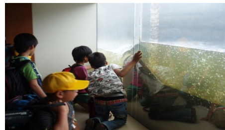
魚道観察室から階段式魚道の状況を観察
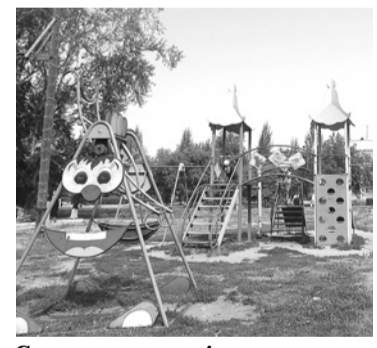
Строительство 4-х дворовых площадок по губернаторской программе «1000 благоустроенных дворов» на 2011–2015 гг.
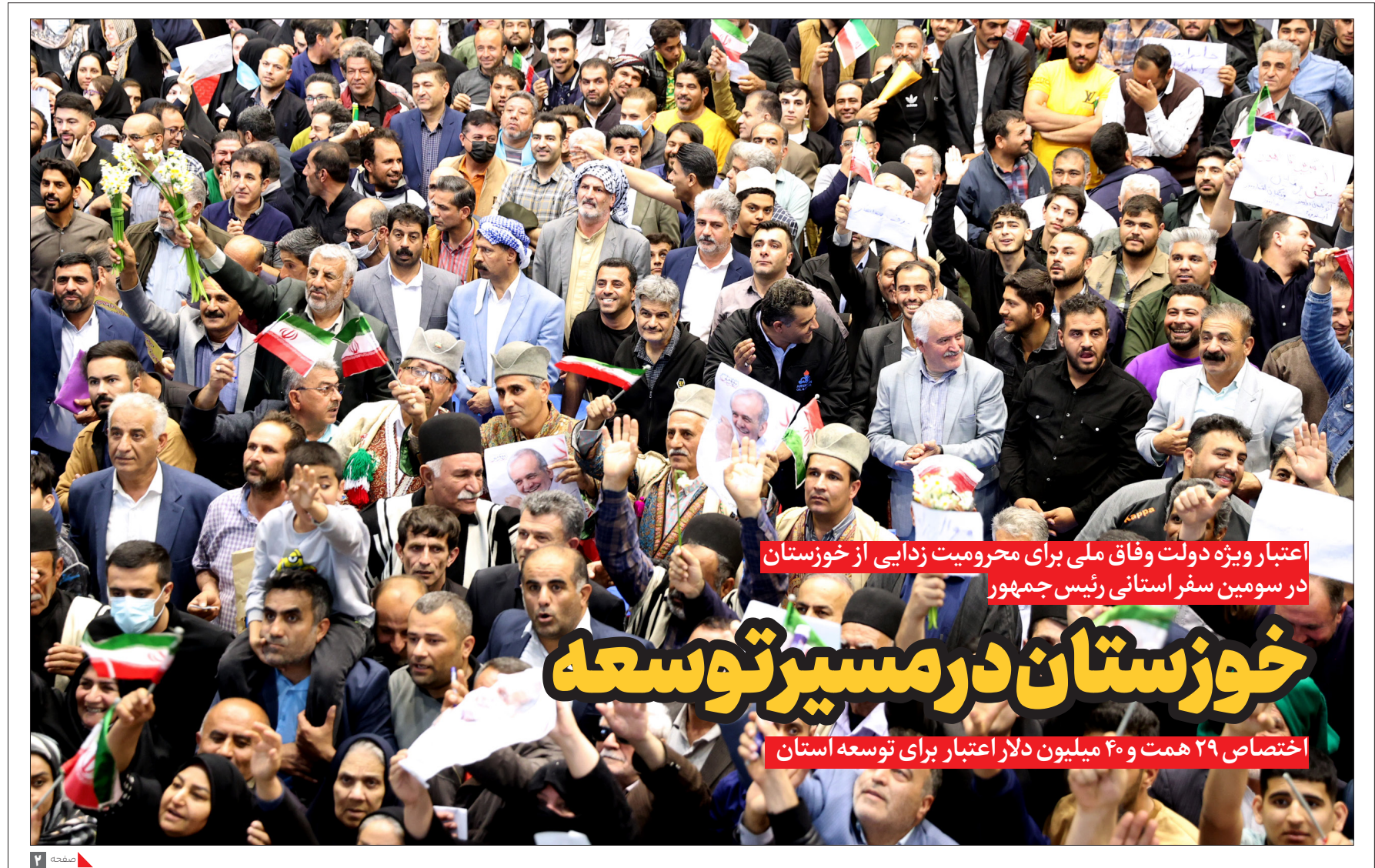
اعتبار ویژه دولت وفاق ملی برای محرومیت زدایی از خوزستان در سومین سفر استانی رئیس‌جمهور
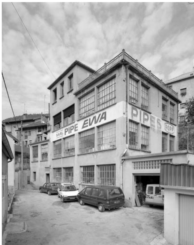
Façade antérieure de trois quarts droite.
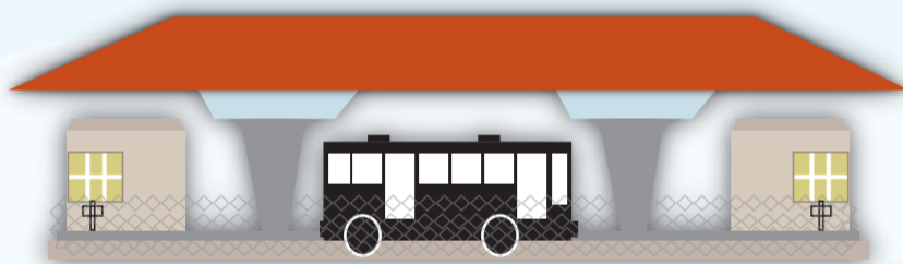
Terminal da Proeb
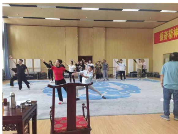
图 16 学员参加《白毛女》排练
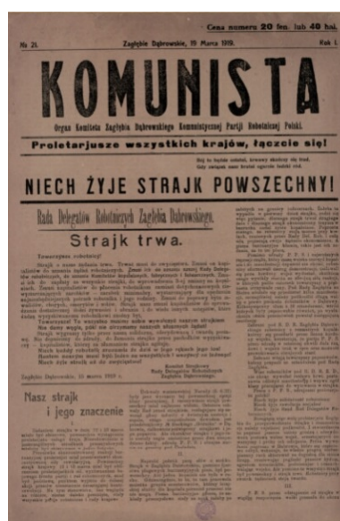
Organ Komitatu Zagłębia Dąbrowskiego Komunistycznej Partii Robotniczej Polski, 1919.
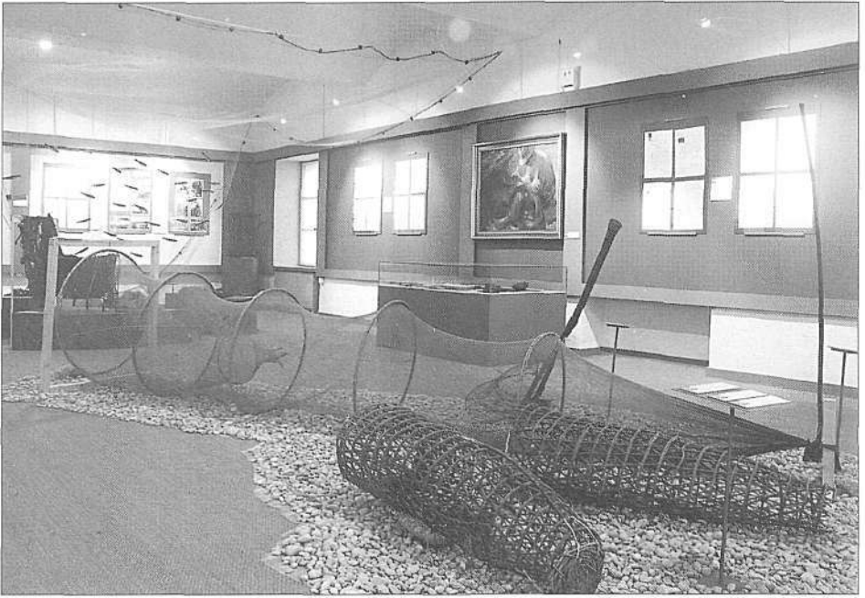
Razstava Vonj po morju, o slovenskem morskem ribištvu med Trstom in Timavo skozi stoletja (foto B. Mučič, marec 1999).
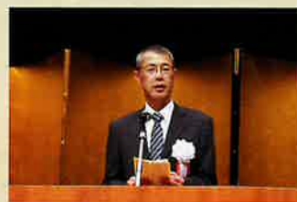
栃木県警察本部長
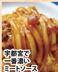
宇都宮で一番濃い ミーツース

住所: 宇都宮市下岡本町 4547-12 電話: 028-673-5081 営業時間: 11:00 ~ 21:30 (年中無休)
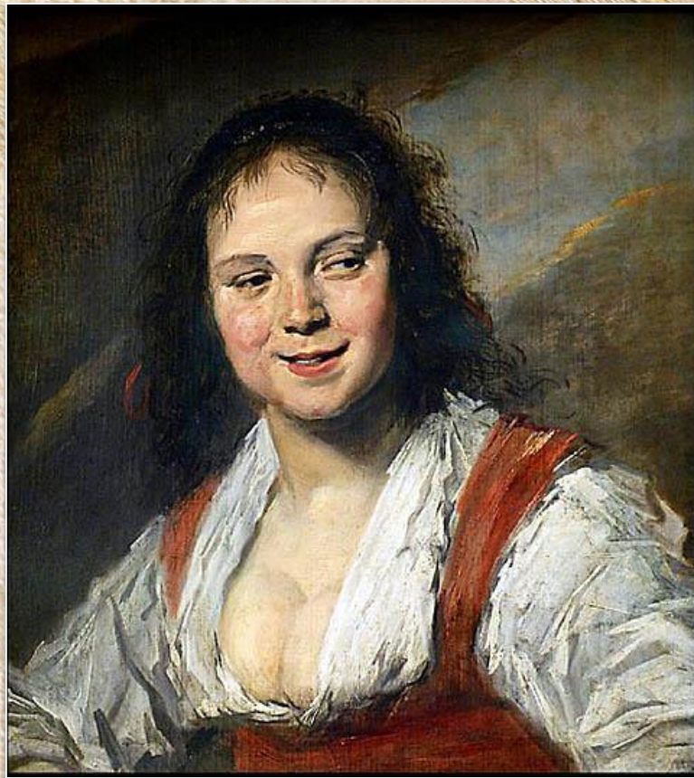
Франс Халс «Цыганка»
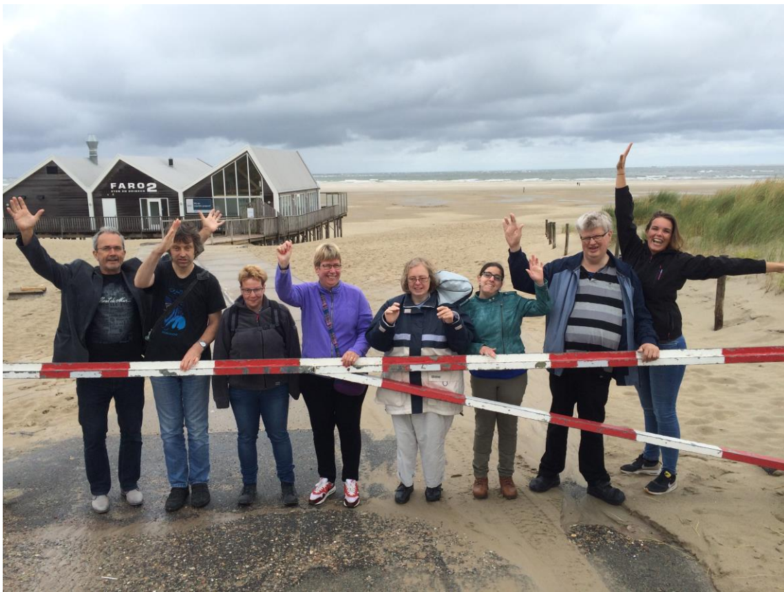
Nog even een fotomomentje! Op naar de zeehonden!
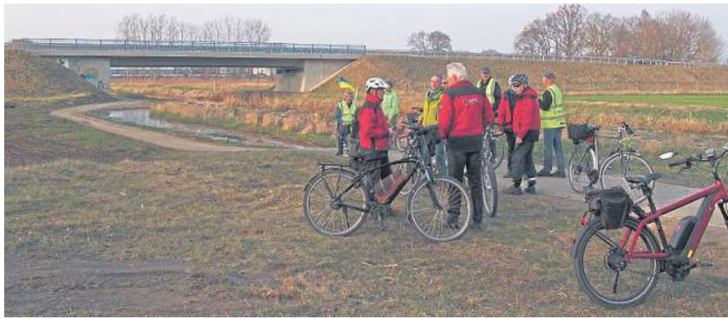
An der Senke am Südringradweg wurde auch über das Projekt der Klimaachse Steinhuder Meerbach gesprochen.
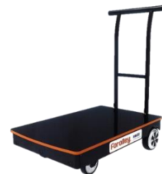
半自動ロボット運搬台車 「フォロリー」
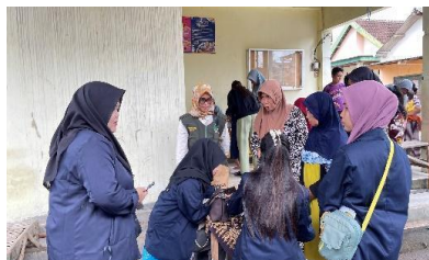
Gambar 3. Proses Observasi
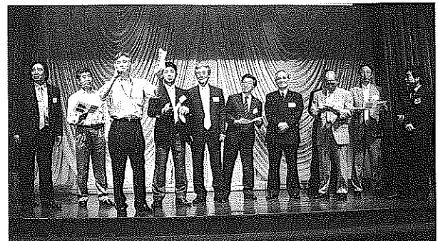
同窓会懇親会 平成23年6月
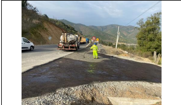
Construcción acceso Dm 74.700 aprox.
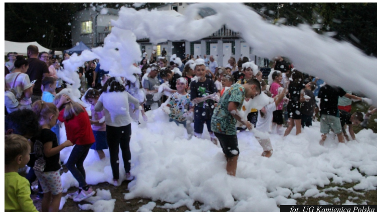
fol. UG Kamienica Polska
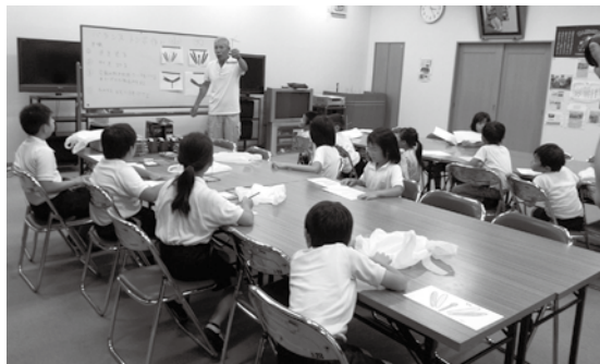
▲紙工作を楽しむ児童たち
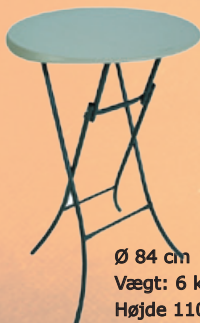
Cafebord - Ståbord
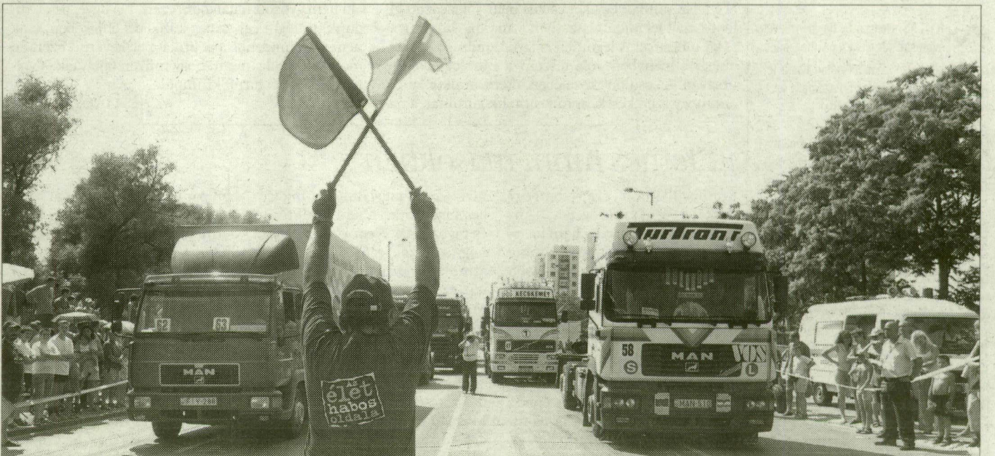
Tonnák párharca. Fűlsiketítő zaj kísérte a kamionok gyorsulási versenyét.

A Sziklin szombaton rendezték meg a kamionos terep-, illetve szépségversenyét. A homokos talajjal a volt keleti blokk országaitak gyártott gépek könnyebben megbirkóztak, mint nyugati társaik. Az amerikai Freightliner pedig megérdemelten kapta meg a találkozó legfeltűnőbb gépe címet. A csőrös, 500 lóerős kamion mellett eltörpültek a Mercedesek, az Ivecek és az IFA-k.
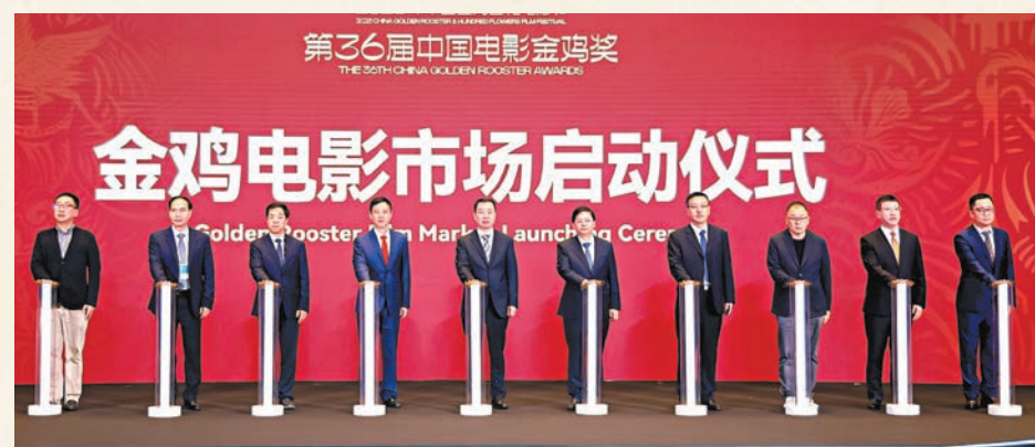
◆金雞電影市場啟動儀式昨日舉行。

今年是金雞電影節在廈門舉辦第五年，廈門首次增設「金雞電影市場」單元，邀請來自香港、台灣等地區和內地主流影視機構舉辦金雞華語電影巡禮、華語電影推介會、各廠牌電影項目推介活動和單片發布會等10場主題活動，同步進行市場放映和展示交流，切實打造華語電影一站式交流交易平臺。另外，香港文化體育及旅遊局局長楊潤雄，亦在電影節期間開啟在廈門訪問行程。楊潤雄在與中國電影家協會黨組書記張宏、國家電影局副局長白軼民等內地官員介紹了今年香港特區政府施政報告提出的「開拓內地電影市場資助計劃」。據悉，該計劃旨在為香港導演提供更多機會，培養他們對內地市場的掌握，豐富其視野和經驗，加強兩地交流，令香港導演人才能夠製作更優秀作品，並將作品帶給廣大內地觀眾。
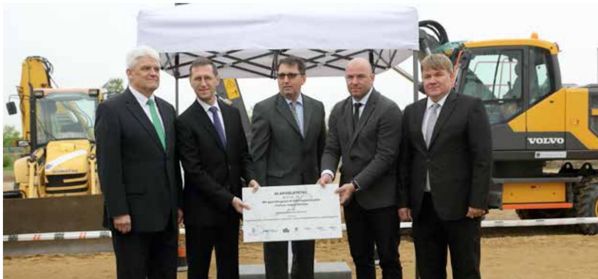
Az M4-es gyorsforgalmi út új szakasza mintegy 30 kilométeren át új nyomvonalon halad

Az M4-es gyorsforgalmi út 44,4 kilométeres szakasszal bővül, a beruházás összértéke több mint 72 milliárd forint. 2019 őszére két ütemben, Üllő és Albertirsa, valamint Albertirsa és Cegléd között épül meg az új kétszer kétsávos gyorsforgalmi út.

Exercise aim: Only the number is wanted: how many lines of the material contain the word "gyorsforgalmi"?

Worked solution: 2